Allene oxide synthase (AOS) catalyzes the next enzymatic step towards JA production [30]. There are six putative AOS encoding loci in maize, only two of which showed significant expression in our dataset. One locus (AOSa; Zm00001d002592) was induced by CLA in roots of both maize genotypes, one locus (AOSb; Zm00001d028282) had reduced expression in the leaves of both lines as a result of CLA infestation. Allene oxide cyclase (AOC) and oxophytodienoic acid reductase (OPR) catalyze two additional enzymatic reactions required for JA production [31]. Maize has two AOC encoding loci, one whose expression levels were unaffected by CLA while the second AOC encoding locus had reduced expression in all tissues and lines. Eight putative OPR encoding loci are found in the maize genome, five of which were impacted by CLA infestation. One locus (OPRd) showed no expression in roots but was induced in leaves of both genotypes. The expression of the second OPR locus (OPRb) was downregulated in the roots of both genotypes, but relatively unchanged in leaf tissues.

Another JA associated gene in Arabidopsis is JAR1, which conjugates JA to isoleucine and is induced by auxin [32]. Interestingly, JAR1 has also been shown to conjugate JA to ACC (the intermediate in ethylene biosynthesis) [32]. Five putative JAR1 encoding loci have been reported in maize (ZmJAR1a,b and ZmJAR2a-c) [33], although only ZmJAR1a, ZmJAR1b, and ZmJAR2a had significant expression in our dataset. ZmJAR1c (Zm00001d011377) and ZmJAR1d (Zm00001d039345) were induced in Tx601 leaves and unchanged in both tissues in Mp708 and Tx601 roots; ZmJAR1a (Zm00001d008957) had reduced expression in Tx601 leaves, and was induced in Mp708 and Tx601 roots after CLA infestation (Fig. 6; Supplemental Table 4).
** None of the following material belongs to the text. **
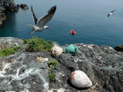 Чайка, после неудачной попытки своровать яйцо кайры.

12-oxo-phytodienoic acid (OPDA)

Among the eight OPDA annotated genes (OPR), five were differentially expressed: OPR1 (Zm00001d044908), OPR2 (Zm00001d044906), OPR4 (Zm00001d011097), OPR5 (Zm00001d003584) and OPR6 (Zm00001d040842). OPR6 was upregulated in both genotypes leaves at 24 hpi. OPR2 was upregulated at 24 hpi in Tx601 leaves, while OPR1 and OPR4 were downregulated at 24 hpi in Tx601 and Mp708 leaves. In addition, OPR4 was downregulated in Mp708 and Tx601 roots and Mp708 leaves only (Fig. 6; Supplemental Table 4).


Ethylene biosynthesis starts with methionine, which is converted to S-adenosyl-L-methionine (SAM) by SAM-synthase (SAMS) [34]. Further, SAM is converted to 1-aminocyclopropane-1-carboxylic acid (ACC) by ACC synthase (ACS). ACS also produces MTA (methylthioadenosine), which is recycled back into SAM via the Yang cycle [34]. Ethylene is then produced from ACC by ACC oxidase (ACO). There are five maize loci encoding ACS enzymes (ACSa: Zm00001d002592, ACSb: Zm00001d026060, ACSc: Zm00001d033862, ACSd: Zm00001d039487, ACSe: Zm00001d045479), all of which were expressed our dataset. Only two genes (ACSa and ACSc) were differentially expressed, both induced at 24 hpi in the leaves of both genotypes and the expression of ACSc was reduced in Mp708 roots (Supplemental Table 4).

There are 13 putative ACO encoding loci in maize [35] and seven of them show significant expression variation in our dataset. Five and four of the ACO were upregulated in leaves of Mp708 and Tx601 plants, respectively, two were upregulated in the roots of both genotypes (ACOa and ACOi), and two were downregulated in both root genotypes (ACOb and ACOf). However, one gene (ACOd) was up and downregulated in Tx601 and Mp708 roots, respectively (Supplemental Table 4).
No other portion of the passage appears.